┌────────

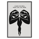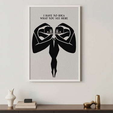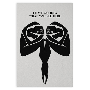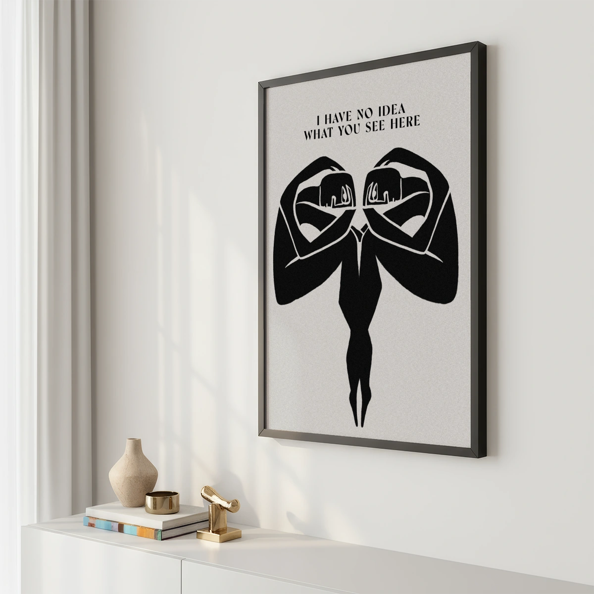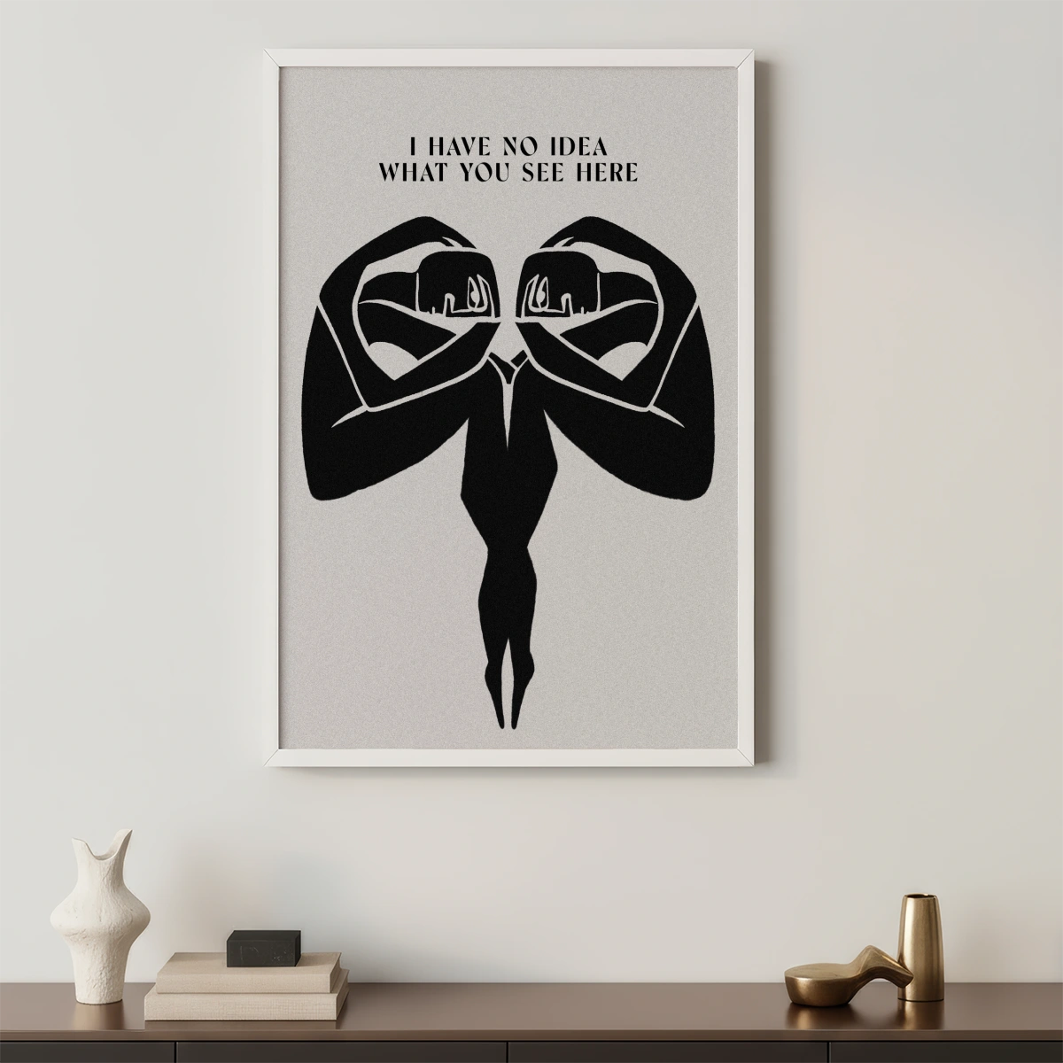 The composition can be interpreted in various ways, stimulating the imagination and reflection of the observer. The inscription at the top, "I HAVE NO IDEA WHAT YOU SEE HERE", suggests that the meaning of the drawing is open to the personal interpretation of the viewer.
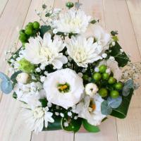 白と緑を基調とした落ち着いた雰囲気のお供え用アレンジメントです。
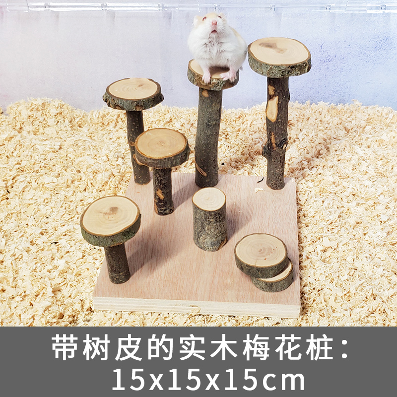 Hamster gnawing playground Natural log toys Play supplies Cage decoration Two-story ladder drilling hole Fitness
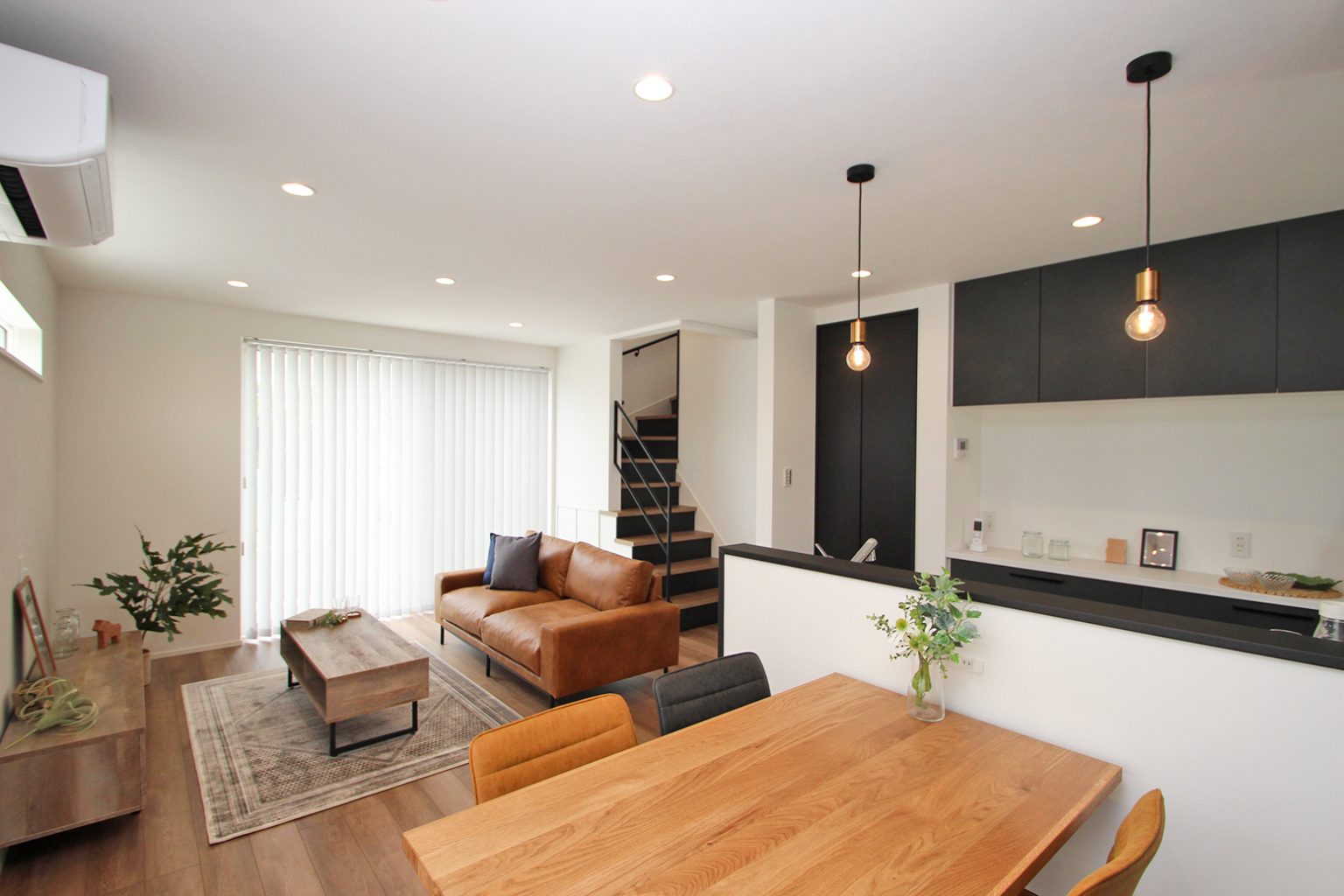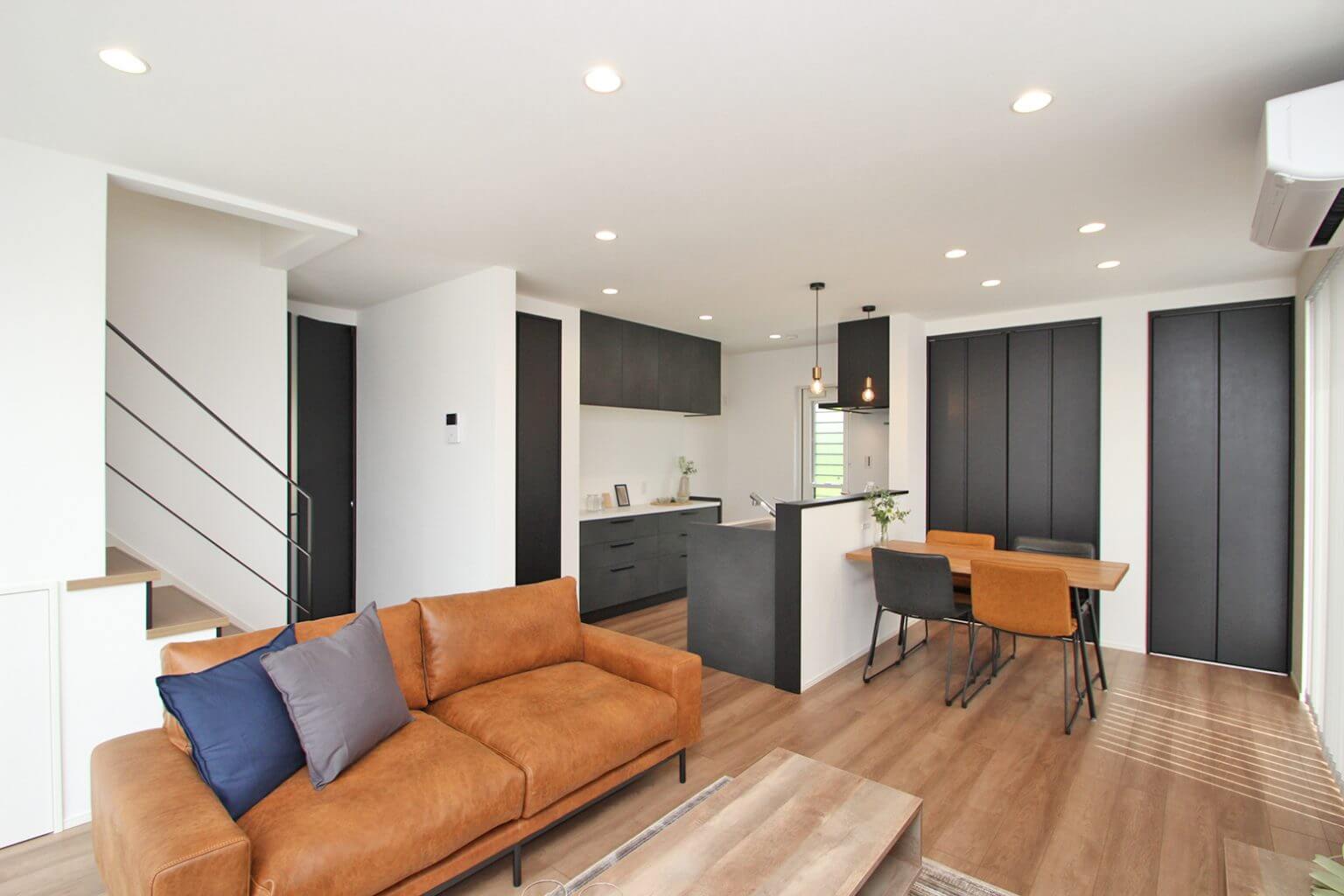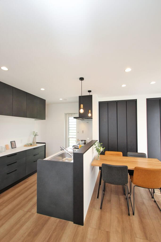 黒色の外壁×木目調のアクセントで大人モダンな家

└────────
┌────────

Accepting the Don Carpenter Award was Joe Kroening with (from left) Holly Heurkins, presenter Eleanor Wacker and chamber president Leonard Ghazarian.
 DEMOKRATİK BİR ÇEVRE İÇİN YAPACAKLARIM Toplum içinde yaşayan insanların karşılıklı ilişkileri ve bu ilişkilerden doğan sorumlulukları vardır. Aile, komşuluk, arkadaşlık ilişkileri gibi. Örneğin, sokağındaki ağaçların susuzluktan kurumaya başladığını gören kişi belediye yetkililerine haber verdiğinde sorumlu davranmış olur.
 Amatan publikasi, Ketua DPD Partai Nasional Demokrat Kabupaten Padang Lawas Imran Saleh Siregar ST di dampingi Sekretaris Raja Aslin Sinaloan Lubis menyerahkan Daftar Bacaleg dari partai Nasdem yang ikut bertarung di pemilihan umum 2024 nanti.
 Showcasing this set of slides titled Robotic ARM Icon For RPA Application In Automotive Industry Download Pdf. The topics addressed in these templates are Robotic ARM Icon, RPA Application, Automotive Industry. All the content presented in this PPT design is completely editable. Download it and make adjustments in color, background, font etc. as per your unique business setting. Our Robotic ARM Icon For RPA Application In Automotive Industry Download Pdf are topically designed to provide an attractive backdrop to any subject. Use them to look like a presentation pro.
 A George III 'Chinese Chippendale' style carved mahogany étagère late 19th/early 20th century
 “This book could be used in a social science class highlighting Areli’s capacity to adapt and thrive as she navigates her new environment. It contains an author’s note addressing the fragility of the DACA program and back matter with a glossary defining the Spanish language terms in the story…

└────────

### WORK INSTRUCTION
From the line holding "The composition can" to the line holding "黒色の外壁×木目調のアクセントで大人モダンな家", both included, retype the entries above exactly and drop the pictures.

### WRITTEN RESPONSE
 The composition can be interpreted in various ways, stimulating the imagination and reflection of the observer. The inscription at the top, "I HAVE NO IDEA WHAT YOU SEE HERE", suggests that the meaning of the drawing is open to the personal interpretation of the viewer.
 白と緑を基調とした落ち着いた雰囲気のお供え用アレンジメントです。
 Hamster gnawing playground Natural log toys Play supplies Cage decoration Two-story ladder drilling hole Fitness
 黒色の外壁×木目調のアクセントで大人モダンな家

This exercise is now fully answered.